Python SDK for **[ControlMT v2.3](https://huggingface.co/anandkaman/controlmt-v2.3)** —
a compact 139M-parameter Kannada ↔ English translator.

```bash
pip install controlmt
```

## Quick start

```python
from controlmt import ControlMT

model = ControlMT.from_hf()                                    # auto everything
print(model.translate("ನಾನು ಕನ್ನಡ ಮಾತನಾಡುತ್ತೇನೆ."))
# → "I speak Kannada."
```

That's it.
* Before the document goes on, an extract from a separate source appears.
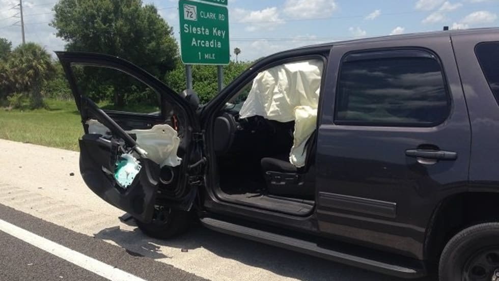 A 77-year-old man driving a Cadillac hit a Sarasota County deputy's car door while he was issuing a citation for Florida's "Move Over" law.

The SDK auto-detects:
- **Device** — GPU if CUDA is available, else CPU (overridable)
- **Dtype** — fp16 on GPU, bf16 on CPU (overridable; bf16 only when supported)
- **Direction** — Kannada → English if input is mostly Kannada chars, else reverse

## Explicit control

```python
# Force CPU, even on a GPU box
model = ControlMT.from_hf(device="cpu")

# Force GPU; falls back to CPU with a warning if not present
model = ControlMT.from_hf(device="gpu")

# Pick an exact dtype
model = ControlMT.from_hf(device="cpu", dtype="bf16")    # bfloat16
model = ControlMT.from_hf(device="gpu", dtype="fp16")    # float16
model = ControlMT.from_hf(dtype="fp32")                  # full precision

# CPU int8 dynamic quantization (~2× faster than bf16 on CPU)
model = ControlMT.from_hf(device="cpu", quant="int8")

# Specific HF revision (e.g. a pre-quantized branch)
model = ControlMT.from_hf(model_id="anandkaman/controlmt-v2.3-int8", quant="int8")

# Loud: print the auto-pick decisions
model = ControlMT.from_hf(verbose=True)
```

Inspect the resolved config:
```python
>>> model
<ControlMT model_id='anandkaman/controlmt-v2.3' cuda · float16>
>>> model.config
ResolvedConfig(device='cuda', dtype_str='float16', quant='none', bf16_cpu=True)
```

## Batched translation

By design: **you must specify `batch_size` to opt into batching.** Otherwise the SDK
runs one sentence at a time — predictable memory, no surprises.

```python
texts = ["ನಾನು ಕನ್ನಡ.", "I speak English.", ...]

# Default: one at a time (safe everywhere)
outs = model.batch_translate(texts)

# Explicit fixed batch size
outs = model.batch_translate(texts, batch_size=8)

# Auto-pick batch size from free VRAM (GPU only)
outs = model.batch_translate(texts, auto_batch=True)
```

| Mode | CPU | GPU |
|---|---|---|
| `(no batch_size, no auto_batch)` | 1 sentence at a time | 1 sentence at a time |
| `batch_size=N` | uses N | uses N |
| `auto_batch=True` | ignored + warning → 1 | probes `torch.cuda.mem_get_info()`, picks N ≤ 64 |

## Other endpoints

```python
# Heuristic direction detection (>30% KN chars → kn2en, else en2kn)
ControlMT.detect_direction("ನಾನು ಕನ್ನಡ.")    # → "kn2en"

# JIT/compile warmup — kills the 5–10s "first request" lag in production
model.warmup()

# Run the 6-pair DEPLOYMENT.md benchmark suite on YOUR hardware
result = model.benchmark()
# {'config': 'cuda · float16', 'num_beams': 2, 'median_latency_s': 0.19, 'rows': [...]}
```

## Architecture note

ControlMT v2.3 is an **encoder-decoder seq2seq** model (T5/mBART family), not a
decoder-only LM. That means:

- ✅ Works: this SDK, raw Transformers, FastAPI, Docker, HF Inference Endpoints
- ❌ Doesn't work without significant adapter work: vLLM, Ollama, llama.cpp/GGUF, HF TGI

See [DEPLOYMENT.md](https://huggingface.co/anandkaman/controlmt-v2.3/blob/main/DEPLOYMENT.md) Section 9 for the full "not supported" table and why.

## License

Apache 2.0. Same as the underlying model weights.